Prodly fits in an unique space tangential to DevOps called AppOps, essentially the work an IT manager must be responsible regardless of whether the environment is hosted on IaaS or utilizing PaaS or even SaaS solutions. While their core offerings of build, test, release, and monitor are similar to that of any continuous integration or application orchestration platform, their focus is on reducing extremely long lead-times between business process requirement (BPR) definition and application deployment by targeting common IT environment challenges like data integrity, version control, and referenced data deployments. This narrowness of focus and aim to bring application management outside of a limited set of IT managers positions Prodly more so against the providers (Salesforce, Oracle, SAP) than their downstream tools.

What does "product-market fit" / "stickiness" look like?

As with any back-office enterprise tool, it is necessary to see Prodly be an integral part of an IT manager's workflow.
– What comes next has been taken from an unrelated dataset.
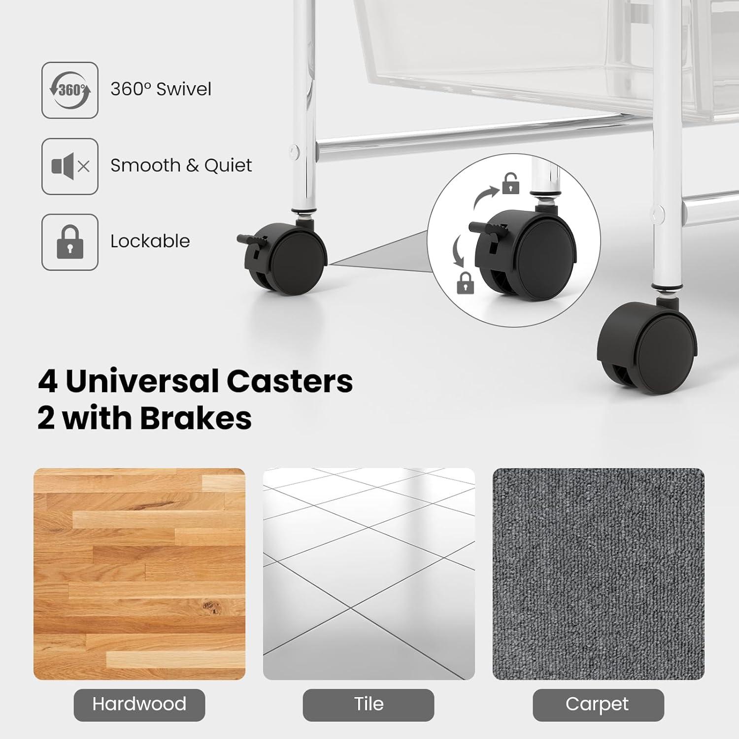 360° Swivel casters roll smoothly on hardwood, tile or carpet floor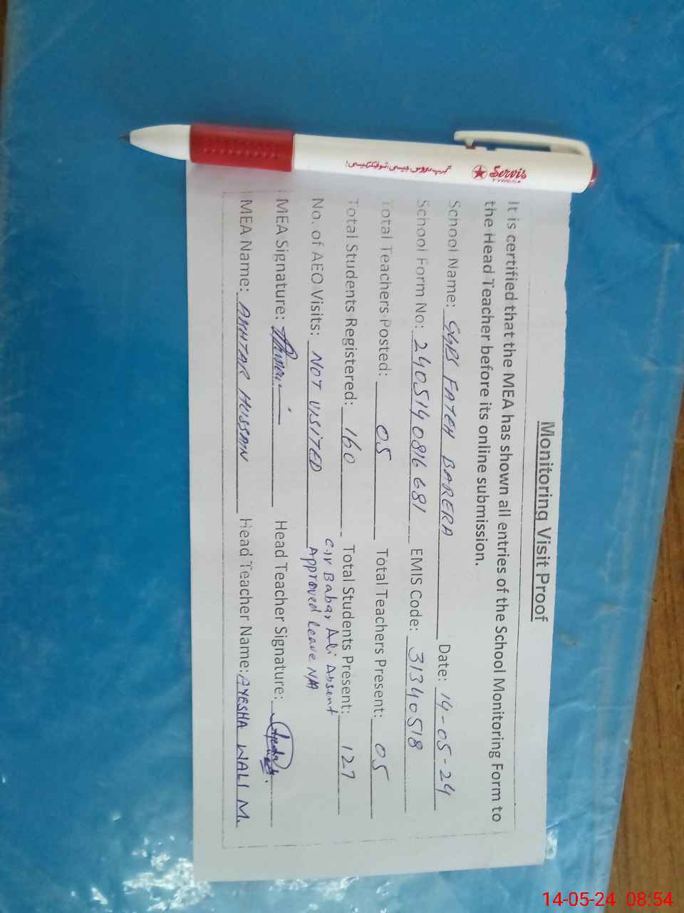 | Attendance Register | Head Teacher | MEA with School | Visit Proof |

The real test, however, will be the ability for an administrator outside of IT operations to use this Prodly's toolset independently. The painpoint is more-so around the bottleneck between the other functions and IT rather than the quality of the applications actually deployed. Frequent updates like package rationalization should feel effortless and large business events like acquisitions or business model changes should feel manageable.

What would "success" mean in the 5-year horizon?

Prodly is currently focused on Salesforce and specifically on the CPQ, billing, and field service environments. The goal would certainly be to expand to the rest of Salesforce's offerings and potentially even act as a unified platform across ERP, CRM, etc. application release and testing. Success could also mean creeping into the development space, rather than focusing on the test and release phases. Rather than simply supporting for "low-code" applications, Prodly could move into specific tools that make designing these applications more efficient and robust.

What are some market forces (headwinds or tailwinds) that could impact that?

Large enterprise players certainly have an incentive to fix the application management bottleneck to remain competitive and natively support vital toolsets their customers rely on. This could either result in Prodly being a prime acquisition target, or a situation where most of Prodly's advantages are adsorbed into the provider's platforms. Also, migrating, testing, and deploying these applications often falls upon professional service firms (e.g., Cognizant), which are currently in the process of developing similar tools that allow them to stay in the loop at large enterprises.